» Provided information
————

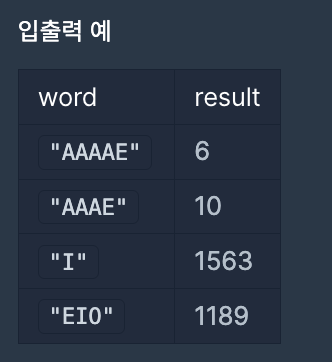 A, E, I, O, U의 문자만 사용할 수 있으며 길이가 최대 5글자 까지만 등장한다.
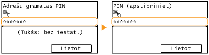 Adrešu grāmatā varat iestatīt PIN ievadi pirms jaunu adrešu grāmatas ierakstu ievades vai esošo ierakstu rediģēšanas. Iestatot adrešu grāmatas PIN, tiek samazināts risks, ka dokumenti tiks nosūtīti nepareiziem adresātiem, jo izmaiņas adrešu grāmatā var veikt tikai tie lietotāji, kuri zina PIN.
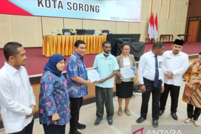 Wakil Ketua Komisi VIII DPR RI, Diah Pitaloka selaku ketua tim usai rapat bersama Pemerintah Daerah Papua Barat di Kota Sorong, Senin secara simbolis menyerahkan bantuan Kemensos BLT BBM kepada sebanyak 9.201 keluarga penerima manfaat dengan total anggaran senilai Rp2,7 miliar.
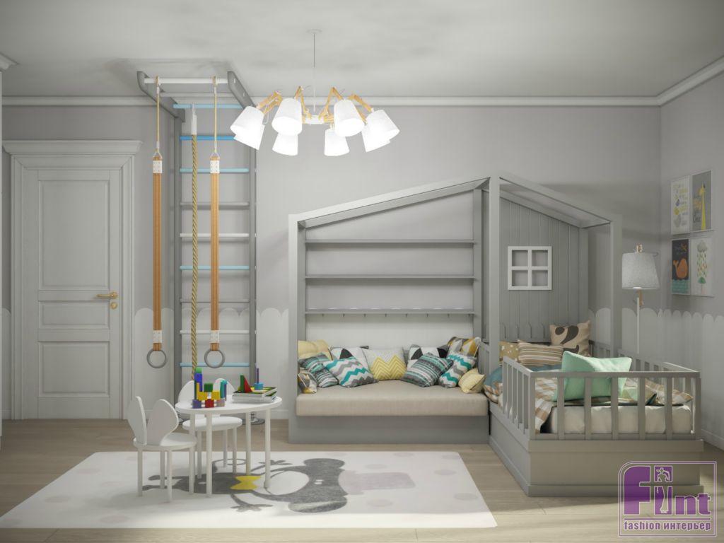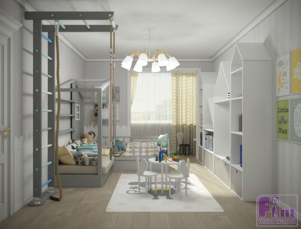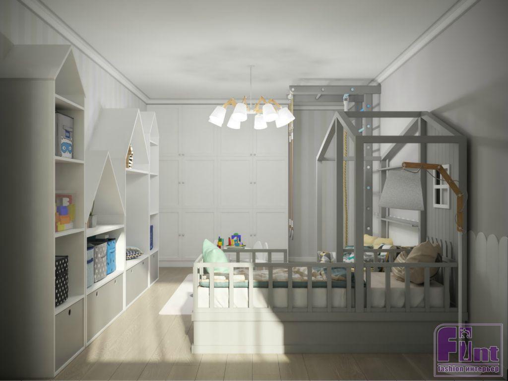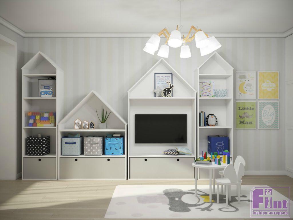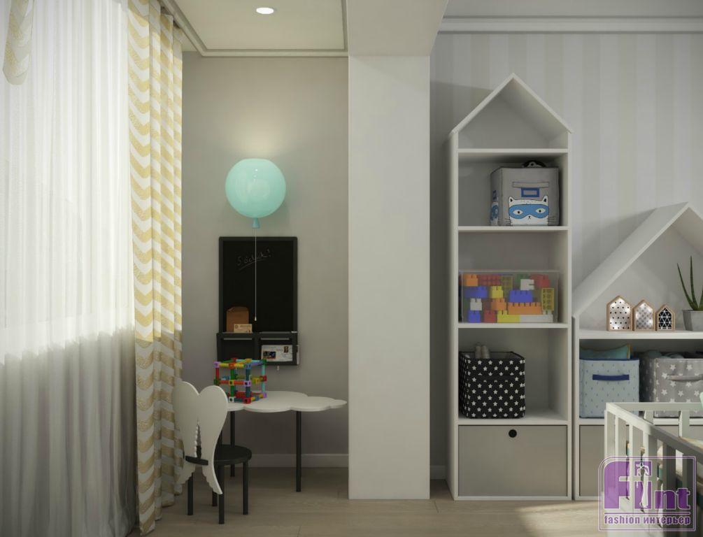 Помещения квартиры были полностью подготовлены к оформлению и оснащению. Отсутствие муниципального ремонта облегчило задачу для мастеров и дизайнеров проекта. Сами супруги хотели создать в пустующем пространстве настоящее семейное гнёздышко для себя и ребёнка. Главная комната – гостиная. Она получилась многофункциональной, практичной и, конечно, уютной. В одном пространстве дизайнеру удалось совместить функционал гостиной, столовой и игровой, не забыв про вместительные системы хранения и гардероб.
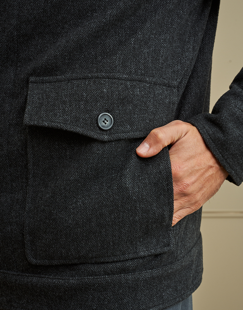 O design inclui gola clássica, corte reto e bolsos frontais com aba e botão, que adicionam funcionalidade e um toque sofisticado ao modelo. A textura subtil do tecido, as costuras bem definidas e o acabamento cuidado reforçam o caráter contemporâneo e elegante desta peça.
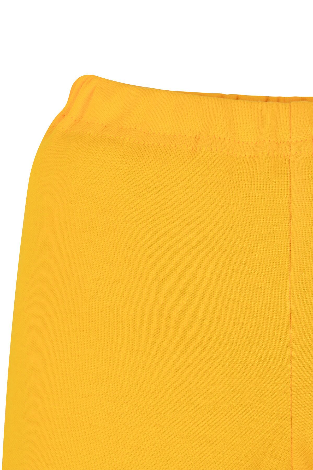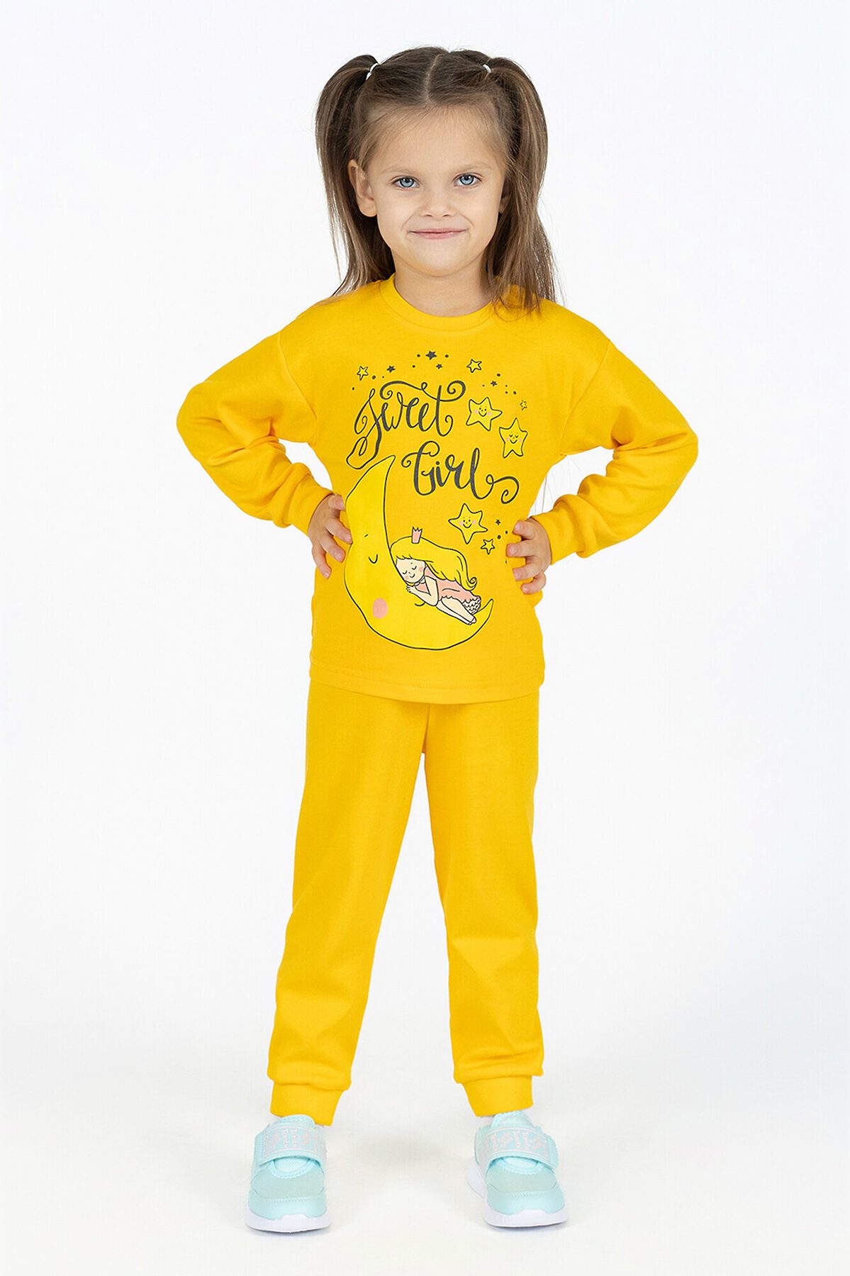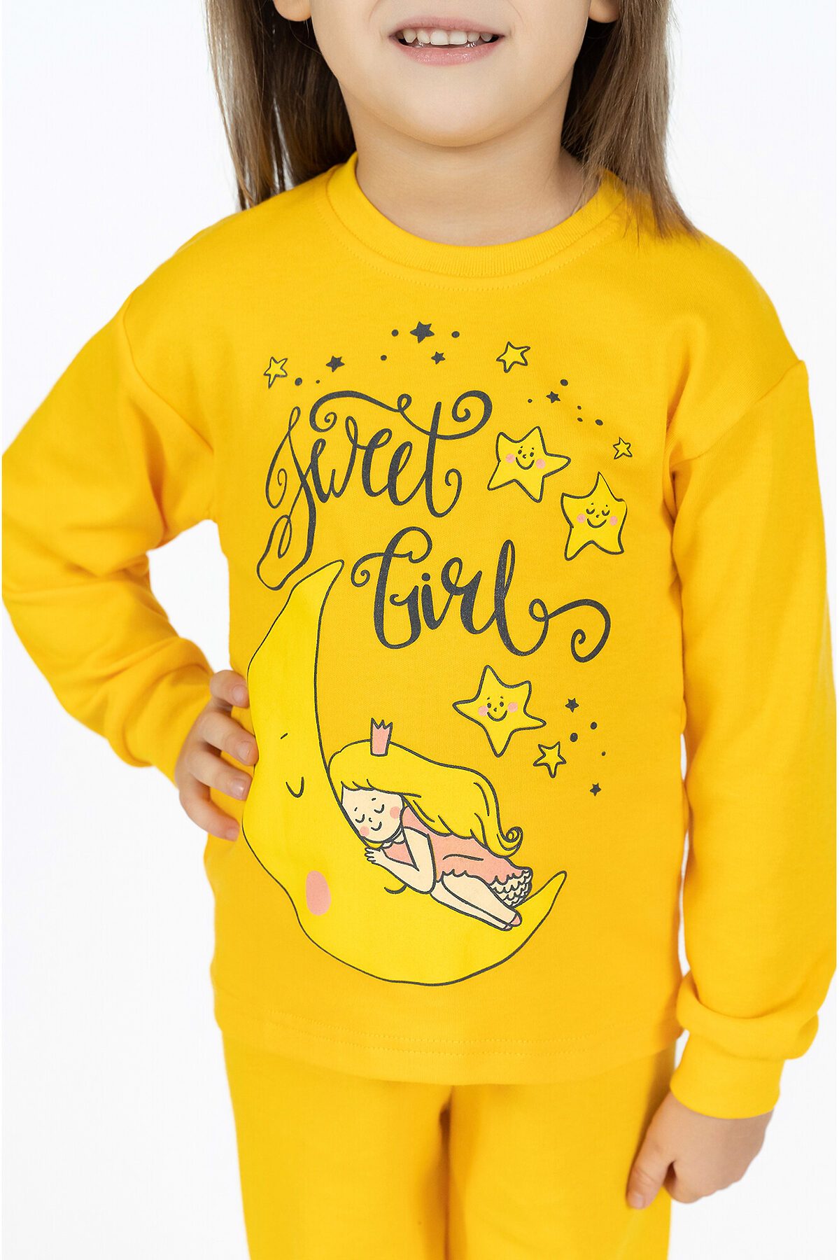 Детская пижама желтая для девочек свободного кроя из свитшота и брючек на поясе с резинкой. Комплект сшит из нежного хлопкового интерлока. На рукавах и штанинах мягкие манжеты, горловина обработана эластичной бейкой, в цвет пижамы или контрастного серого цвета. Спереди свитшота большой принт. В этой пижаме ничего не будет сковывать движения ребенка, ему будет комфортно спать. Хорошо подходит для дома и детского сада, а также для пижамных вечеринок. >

————

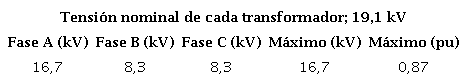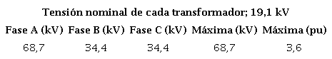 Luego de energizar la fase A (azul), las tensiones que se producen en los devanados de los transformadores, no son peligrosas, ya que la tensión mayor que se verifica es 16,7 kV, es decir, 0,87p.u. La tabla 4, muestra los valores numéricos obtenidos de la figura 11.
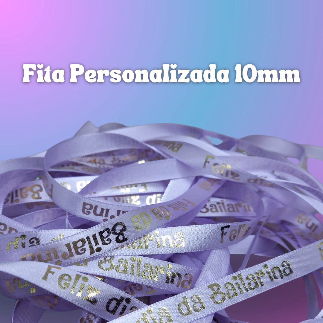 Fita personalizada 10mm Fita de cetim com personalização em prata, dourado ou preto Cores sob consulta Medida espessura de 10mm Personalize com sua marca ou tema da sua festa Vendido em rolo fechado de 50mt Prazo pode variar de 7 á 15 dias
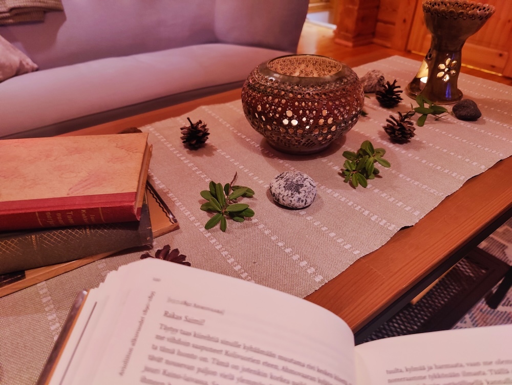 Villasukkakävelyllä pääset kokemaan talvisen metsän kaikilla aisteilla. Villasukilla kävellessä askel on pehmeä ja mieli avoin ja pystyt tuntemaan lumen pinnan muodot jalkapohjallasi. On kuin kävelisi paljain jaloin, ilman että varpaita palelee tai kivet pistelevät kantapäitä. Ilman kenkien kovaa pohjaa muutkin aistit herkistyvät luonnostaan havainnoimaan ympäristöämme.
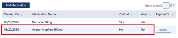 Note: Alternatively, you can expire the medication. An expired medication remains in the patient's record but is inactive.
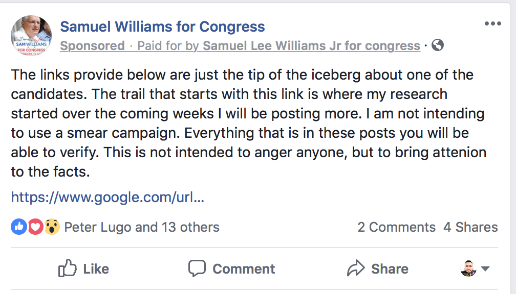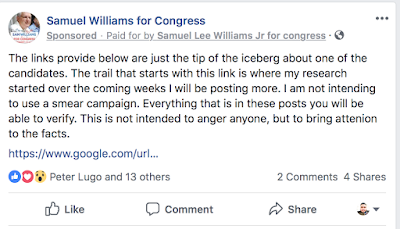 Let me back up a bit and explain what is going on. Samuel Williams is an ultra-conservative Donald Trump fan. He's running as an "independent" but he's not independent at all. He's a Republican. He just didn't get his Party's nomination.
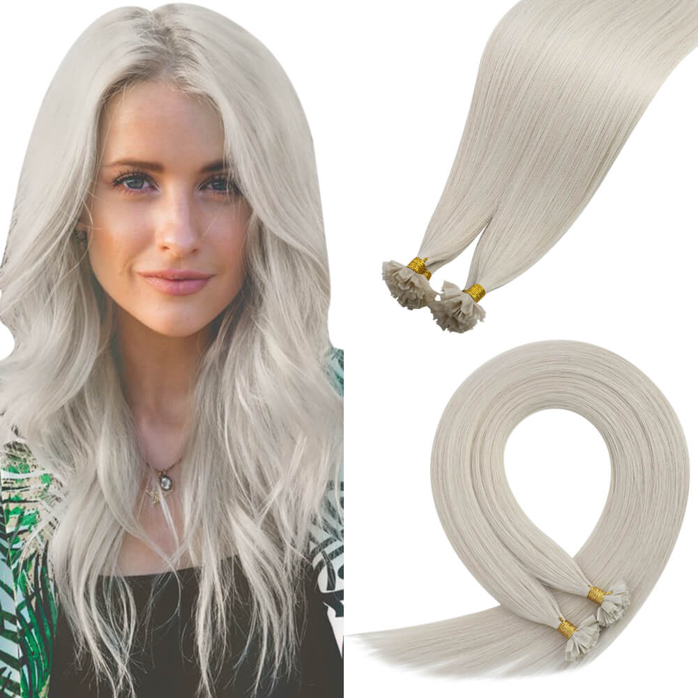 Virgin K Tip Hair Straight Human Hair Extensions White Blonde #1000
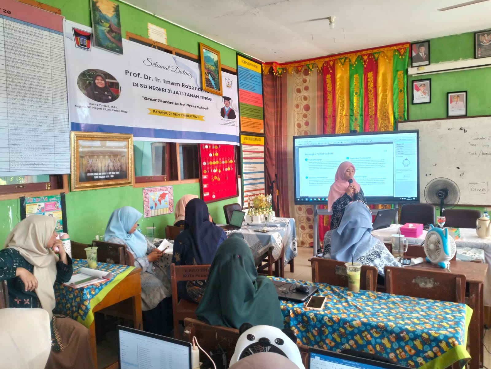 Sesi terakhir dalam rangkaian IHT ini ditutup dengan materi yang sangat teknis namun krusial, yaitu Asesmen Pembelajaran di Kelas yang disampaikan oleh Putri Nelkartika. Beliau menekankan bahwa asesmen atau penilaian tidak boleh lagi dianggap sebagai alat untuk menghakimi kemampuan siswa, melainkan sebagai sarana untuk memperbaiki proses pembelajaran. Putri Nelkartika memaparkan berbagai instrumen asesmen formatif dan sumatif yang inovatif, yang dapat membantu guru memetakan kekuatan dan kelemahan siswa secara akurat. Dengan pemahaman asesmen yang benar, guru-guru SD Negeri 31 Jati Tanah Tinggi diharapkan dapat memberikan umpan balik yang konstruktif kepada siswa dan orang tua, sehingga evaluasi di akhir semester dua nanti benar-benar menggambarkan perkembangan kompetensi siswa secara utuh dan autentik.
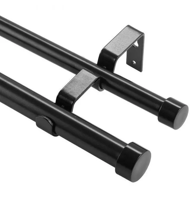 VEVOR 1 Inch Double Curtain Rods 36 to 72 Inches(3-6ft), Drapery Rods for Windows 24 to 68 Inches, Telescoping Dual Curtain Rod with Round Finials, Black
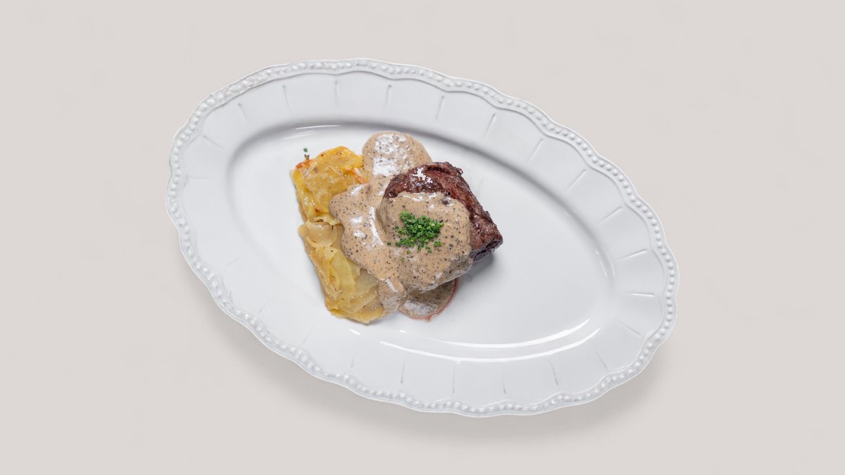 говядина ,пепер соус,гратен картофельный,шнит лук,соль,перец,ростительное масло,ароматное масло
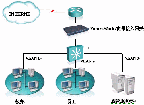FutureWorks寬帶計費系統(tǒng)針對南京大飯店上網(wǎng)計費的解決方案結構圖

————

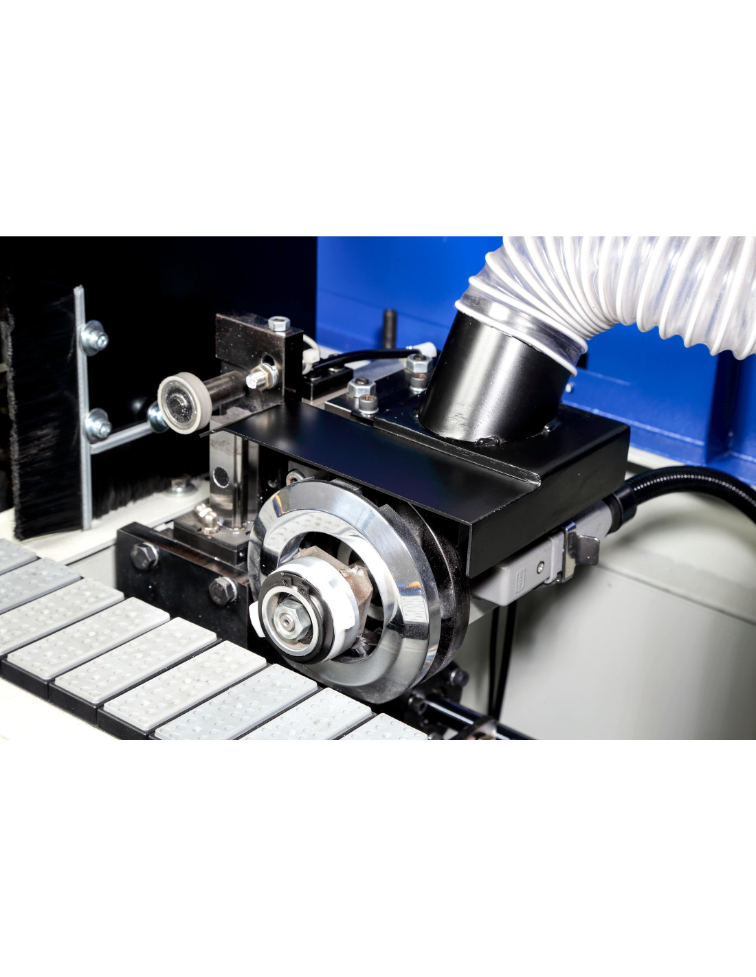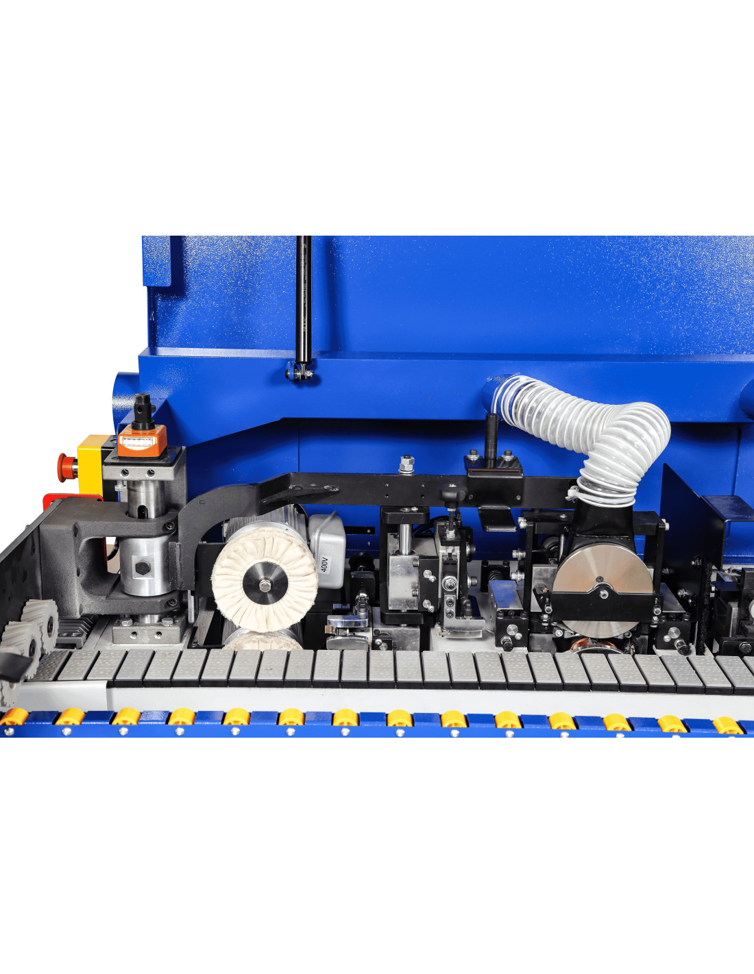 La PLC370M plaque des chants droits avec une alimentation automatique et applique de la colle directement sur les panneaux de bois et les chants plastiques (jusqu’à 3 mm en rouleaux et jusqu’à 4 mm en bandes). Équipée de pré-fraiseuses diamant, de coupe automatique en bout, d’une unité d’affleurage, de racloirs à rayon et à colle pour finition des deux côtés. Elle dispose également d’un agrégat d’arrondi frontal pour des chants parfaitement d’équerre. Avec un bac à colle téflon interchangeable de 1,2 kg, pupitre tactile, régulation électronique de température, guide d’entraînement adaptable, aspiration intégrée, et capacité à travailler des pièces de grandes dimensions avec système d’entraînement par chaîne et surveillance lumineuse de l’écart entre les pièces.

————

» Exercise
Nothing outside the stretch above, from the line with "A, E, I, O, U의" through the line with "Детская пижама желтая", is set down. Transcribe that stretch exactly, ends included, but not its pictures.

» Result of this exercise
 A, E, I, O, U의 문자만 사용할 수 있으며 길이가 최대 5글자 까지만 등장한다.
 Adrešu grāmatā varat iestatīt PIN ievadi pirms jaunu adrešu grāmatas ierakstu ievades vai esošo ierakstu rediģēšanas. Iestatot adrešu grāmatas PIN, tiek samazināts risks, ka dokumenti tiks nosūtīti nepareiziem adresātiem, jo izmaiņas adrešu grāmatā var veikt tikai tie lietotāji, kuri zina PIN.
 Wakil Ketua Komisi VIII DPR RI, Diah Pitaloka selaku ketua tim usai rapat bersama Pemerintah Daerah Papua Barat di Kota Sorong, Senin secara simbolis menyerahkan bantuan Kemensos BLT BBM kepada sebanyak 9.201 keluarga penerima manfaat dengan total anggaran senilai Rp2,7 miliar.
 Помещения квартиры были полностью подготовлены к оформлению и оснащению. Отсутствие муниципального ремонта облегчило задачу для мастеров и дизайнеров проекта. Сами супруги хотели создать в пустующем пространстве настоящее семейное гнёздышко для себя и ребёнка. Главная комната – гостиная. Она получилась многофункциональной, практичной и, конечно, уютной. В одном пространстве дизайнеру удалось совместить функционал гостиной, столовой и игровой, не забыв про вместительные системы хранения и гардероб.
 O design inclui gola clássica, corte reto e bolsos frontais com aba e botão, que adicionam funcionalidade e um toque sofisticado ao modelo. A textura subtil do tecido, as costuras bem definidas e o acabamento cuidado reforçam o caráter contemporâneo e elegante desta peça.
 Детская пижама желтая для девочек свободного кроя из свитшота и брючек на поясе с резинкой. Комплект сшит из нежного хлопкового интерлока. На рукавах и штанинах мягкие манжеты, горловина обработана эластичной бейкой, в цвет пижамы или контрастного серого цвета. Спереди свитшота большой принт. В этой пижаме ничего не будет сковывать движения ребенка, ему будет комфортно спать. Хорошо подходит для дома и детского сада, а также для пижамных вечеринок. >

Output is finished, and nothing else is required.